Несмотря на серовато-голубую кожу, женщина была красива. Может быть, потому, что возвышение застало её в самом расцвете сил и красоты – где-то на грани тридцати лет. Кваzи, кроме цвета кожи, внешне не отличались от своего человеческого облика и не пользовались косметикой. Так что это была её внешность. Природная.

А вот тёмно-серый брючный костюм, красные туфли и красная блузка, прекрасно гармонирующие с серовато-синей кожей, – это уже её личный вкус.

– Примите мои искренние соболезнования, Виктория… э…

– Андреевна, но это не важно, – ответила женщина-кваzи. – Просто Виктория.

– Мы предпочитаем короткие имена, – кивнул Михаил.

Они с Викторией обменялись взглядами. Виктория кивнула. Мы сидели в холле, вокруг маленького столика. Институт, к моему удивлению, выглядел не унылым функциональным научным учреждением, а очень не бедным и очень современным. Такие вот уютные уголки отдыха в холлах, с хорошими кофейными автоматами, причём бесплатными, великолепный ремонт, приятные и хорошо подобранные краски, хорошая кожаная мебель, красивые шторы на окнах. Нет, лаборатории тоже выглядели очень современно, но у нас обычно не жалеют денег на аппаратуру, зато на всё остальное не обращают внимания. А тут, похоже, старались создать впечатление домашнего уюта, чтобы сотрудники не стремились уйти с работы.

На стене висела огромная доска объявлений – со старой стенгазетой (такие сохранились почему-то только в научных заведениях), где поздравляли женщин с 8 Марта, с объявлениями от профсоюзного комитета, с предложениями летнего отдыха для семейных сотрудников в Евпатории, с графиком работы секции «Юный биохимик» и прочей ненужной информацией. И впрямь, не институт – а второй дом…

– Вам звонили из отделения… – продолжил я.

– Понимаю, вы удивлены тем, что я не бросила работу и не вернулась домой, – спокойно ответила кваzи. – Но у нас идёт важный эксперимент, моё присутствие необходимо. Виктору уже ничем не помочь, а он был предан работе и поймёт меня. Уверена.

Я нахмурился.
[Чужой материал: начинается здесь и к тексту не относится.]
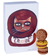
CHAT CHOCOLAT BRUN 16 pieces : £ 33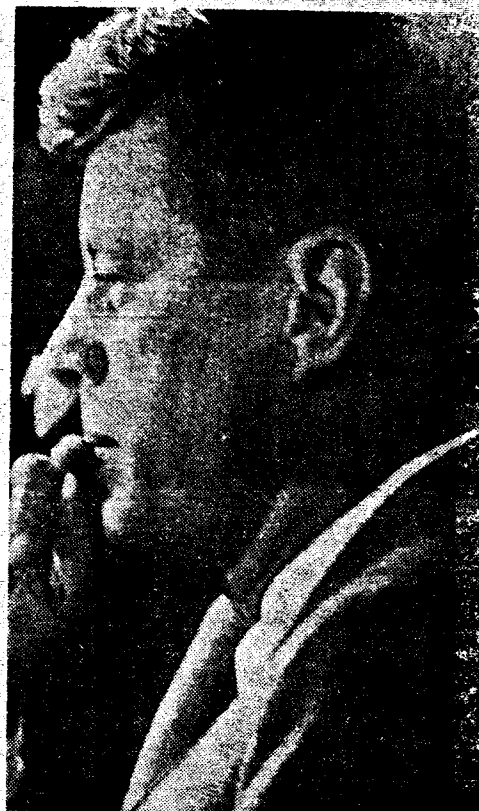
John F. Kennedy as a young Senator.

along in the world, (difficulties) which were usually caused by different factors." But Oswald at this time in his life, was far from despairing.

Что она несёт…

– Виктор и Виктория, очень красиво, – неожиданно сказал Михаил. – Вы были женаты до вашего возвышения?

– Нет, мы впервые познакомились уже здесь, в институте, три года назад, – ответила Виктория. – Но вы правы, Виктор считал это знаком. Люди склонны к маленьким суевериям.

– У него были враги? – спросил Михаил.

– Не более чем у любого молодого талантливого учёного. Но это не те враги, которые пускают пулю в сердце. Мне сказали, что его застрелил грабитель?

Михаил кивнул.

– А потом он восстал и убил грабителя? – продолжала Виктория.

– Всё так, – сказал Михаил.

– Можно сказать, что справедливость восторжествовала, – произнесла Виктория. – В этом есть высшая логика. Грабитель хотел его убить, а в результате погиб сам и навсегда.

– Наверное, вы не дослушали сообщение, – предположил я. – Потому что со справедливостью вышло… не очень.

Виктория приподняла одну бровь. Очень человеческим и очень ненатуральным жестом.

– Когда дознаватель вошёл в квартиру, там было уже двое восставших, – сказал я. – Дознаватель был вынужден применить оружие. Они мертвы. Окончательно мертвы. Им отрубили головы.

– Как? – спросила Виктория. И моргнула. Лицо у неё стало глупое, как у обычной живой женщины.

– Мачете.

– Я не об этом, идиот! – закричала Виктория. – Как, как, как это произошло? Почему это произошло? Это неправильно, так не должно было произойти!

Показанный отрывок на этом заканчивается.